Herkesin vardır böyle hikâyeleri. İnkâr edenler vardır. Çünkü bana sorulduğunda her zaman inkâr ederdim böyle şeyleri. Gel gelelim bugüne. Bugünler öyle garip ki benim için. Hiç hissetmediğim duyguları yaşıyorum. Ben bir aşk filmini izlerken hiçbir zaman gözlerimin dolduğunu hatırlamıyorum. Dediğim gibi, bugünler çok garip. Daha önce bir kez seyrettiğim bir filmi yarısında kapatmışken, bir kez daha izleyince gerçekten bende bir değişiklik olduğunu anladım. Gözlerimin dolduğunu söyleyebilirim. Artık o kadar o kadar ezmişlerdi ki bu kalbi, anasını bellediler tabiri caizse. Artık kalbim de ne yapacağını şaşırdı sanırım. Kimi görse bağlanmak istiyor. Biraz beni düşünsene be! Acı çeken ben oluyorum ne de olsa.

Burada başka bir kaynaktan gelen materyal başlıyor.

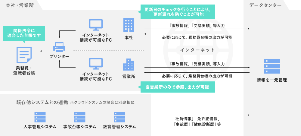 乗務員・運転者台帳システムと人事管理システムなどの他のシステムとの連携で、権限のある方であれば、人事基本情報、運転免許証情報、事故歴、健康診断受診履歴、教育受講履歴などの最新情報を閲覧できます。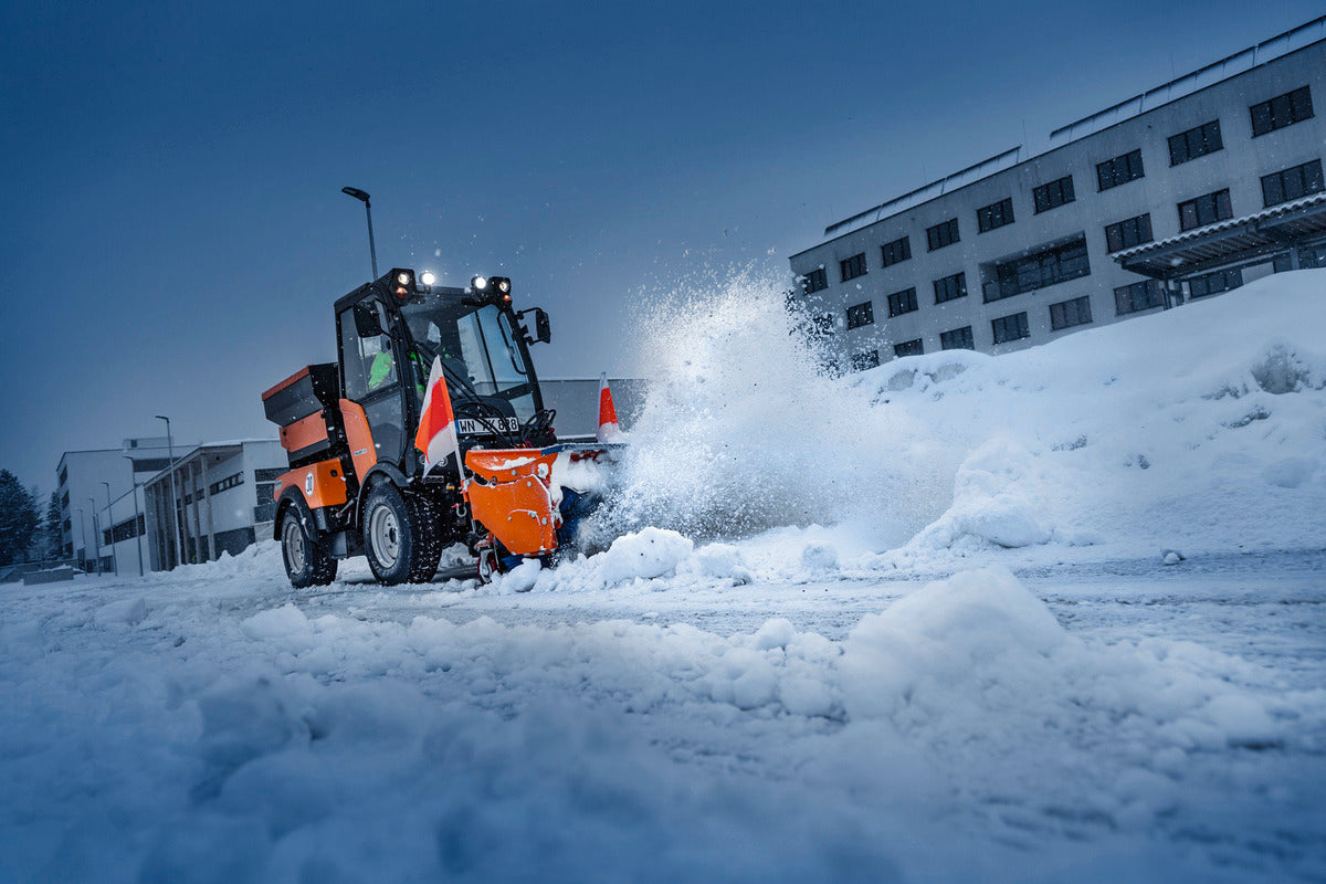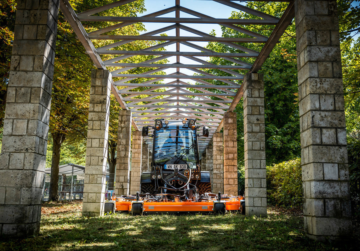 The C 55 SC is a faithful companion, whether for gardening or winter maintenance. The machine works equally well both on and off the road and has all the features we expect from multifunctional utility vehicles from Holder: The frame steering guarantees optimal manoeuvrability, precision and stable driving direction. Less effort is required for manoeuvring, which enables precision work close to edges while ensuring that the ground is not damaged. This is a compact work vehicle with 3 attachment areas that enables versatile use. Several work steps can be carried out at the same time and are controlled from the spacious and comfortable driver's cab. The impressive hydrostatic four-wheel drive allows the speed to be controlled completely steplessly and without jerks. Spring elements on the front and rear axles create a smooth ride even when driving off-road. An important safety feature of the C 55 SC is the load compensation on the wheels: This means that all 4 wheels always have contact with the ground, even on steep and uneven terrain or when driving over obstacles.

İsmim Barış Ozan. Savaşın ve faşizmin ortasındayken bir umutla koymuşlar ismimi. Bundan dolayı her zaman "Barışçı" olmam gerekirmiş. Aslında beni tanıyanlar ismimin "Savaş" olmasının gerektiğini söylüyorlar. Onlar hep söylerler zaten. Başka bir iş de yapmazlar. Sadece sizin keyfinizi kaçıracaklardır. Zaten onlara ne yaşadığımızı anlatamayız. Gerçi anlatsak da anlamazlar. Evet, ismim Ozan. Yarın bizim için büyük bir gün. Babam artık tekel işini bırakmak istiyor. Bir iş buldu. Az bir maaşı var. Ancak helal iki lira haram üç liradan fazladır derler. Artık sırtımızı Allah'a dayadık ve kaderin bizi götürdüğü yere gideceğiz. Yine başımı yastığa koydum. Gözlerimi kapattığımda sadece yarın bizi nelerin beklediğini düşündüm. Cebimde daha az harçlık beni üzüyordu. Zaten fikirlerimi aşkı yaşamak konusunda bir engel olarak görüyordum. Şimdi az para ile çok vicdan arasında kalmak bendeki aşkı bitirecekti. Hayır, ben aşkı beceremiyordum. Böyle olması beni kahretse de gerçeğin ta kendisiydi hayat. Elbette hayatta aşktan daha gerçek şeyler var. Ancak benim başıma gelen en büyük imtihan aşktı şu ana kadar. Daha büyüğünü Allah yaşatmasın. İnsanların gözlerinden akanlar gözyaşları değil, duygularıdır. Bunu büyüyünce anladım. Kendimle baş başa kalmaya başladıkça kendimi daha iyi tanıyordum.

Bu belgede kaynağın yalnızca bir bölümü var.